— А как лучше — просто войти в кафе и сесть, где захочу, или…
— Подожди, пока тебя проводят за столик, — посоветовала я.
Когда я вошла в кафе, она уже сидела за столиком, выпрямившись, будто проглотила аршин, и робея, точно самозванка, знающая, что не имеет права здесь находиться. Она нервно улыбалась, желая показать, что у нее все хорошо, и судорожно прижимала к себе сумочку для защиты от грабителей, которыми, как она слышала, кишмя кишит центр Лондона. Казалось, ее сухонькие ручки говорят: «От меня не разживетесь».
Она выглядела чуть иначе, чем обычно, — стройнее и моложе. В одном Питер оказался прав: она действительно сделала что-то непонятное с волосами, но мне пришлось, хоть и без удовольствия, признать, что это ей к лицу.

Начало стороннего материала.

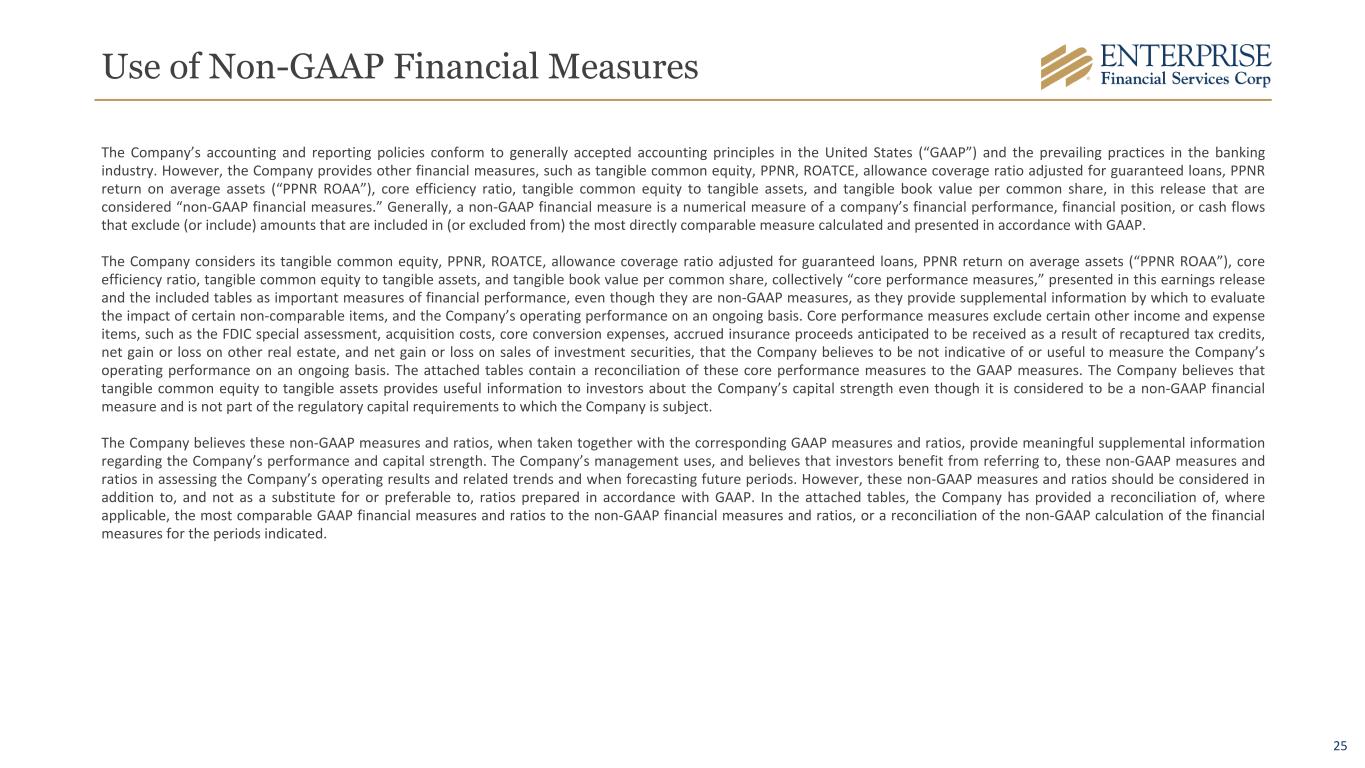 25 Use of Non-GAAP Financial Measures The Company’s accounting and reporting policies conform to generally accepted accounting principles in the United States (“GAAP”) and the prevailing practices in the banking industry. However, the Company provides other financial measures, such as tangible common equity, PPNR, ROATCE, allowance coverage ratio adjusted for guaranteed loans, PPNR return on average assets (“PPNR ROAA”), core efficiency ratio, tangible common equity to tangible assets, and tangible book value per common share, in this release that are considered “non-GAAP financial measures.” Generally, a non-GAAP financial measure is a numerical measure of a company’s financial performance, financial position, or cash flows that exclude (or include) amounts that are included in (or excluded from) the most directly comparable measure calculated and presented in accordance with GAAP. The Company considers its tangible common equity, PPNR, ROATCE, allowance coverage ratio adjusted for guaranteed loans, PPNR return on average assets (“PPNR ROAA”), core efficiency ratio, tangible common equity to tangible assets, and tangible book value per common share, collectively “core performance measures,” presented in this earnings release and the included tables as important measures of financial performance, even though they are non-GAAP measures, as they provide supplemental information by which to evaluate the impact of certain non-comparable items, and the Company’s operating performance on an ongoing basis. Core performance measures exclude certain other income and expense items, such as the FDIC special assessment, acquisition costs, core conversion expenses, accrued insurance proceeds anticipated to be received as a result of recaptured tax credits, net gain or loss on other real estate, and net gain or loss on sales of investment securities, that the Company believes to be not indicative of or useful to measure the Company’s operating performance on an ongoing basis. The attached tables contain a reconciliation of these core performance measures to the GAAP measures. The Company believes that tangible common equity to tangible assets provides useful information to investors about the Company’s capital strength even though it is considered to be a non-GAAP financial measure and is not part of the regulatory capital requirements to which the Company is subject. The Company believes these non-GAAP measures and ratios, when taken together with the corresponding GAAP measures and ratios, provide meaningful supplemental information regarding the Company’s performance and capital strength. The Company’s management uses, and believes that investors benefit from referring to, these non-GAAP measures and ratios in assessing the Company’s operating results and related trends and when forecasting future periods. However, these non-GAAP measures and ratios should be considered in addition to, and not as a substitute for or preferable to, ratios prepared in accordance with GAAP. In the attached tables, the Company has provided a reconciliation of, where applicable, the most comparable GAAP financial measures and ratios to the non-GAAP financial measures and ratios, or a reconciliation of the non-GAAP calculation of the financial measures for the periods indicated.

И с одеждой произошло что-то странное: она была… была… одета со вкусом!
И, в довершение всего, она накрасила губы красной помадой. Надо заметить, что помадой мама не пользовалась никогда, разве что в особо торжественных случаях. На свадьбу, например. И иногда на похороны, если усопший был ей несимпатичен.
Я села напротив нее, натянуто улыбнулась и поинтересовалась, что такое она хотела мне рассказать.
62
Она решила уйти от отца.
Вот что она хотела мне сообщить (хотя, пожалуй, в данном случае слово «хотела» было бы преувеличением; точнее, ей пришлось сказать мне об этом).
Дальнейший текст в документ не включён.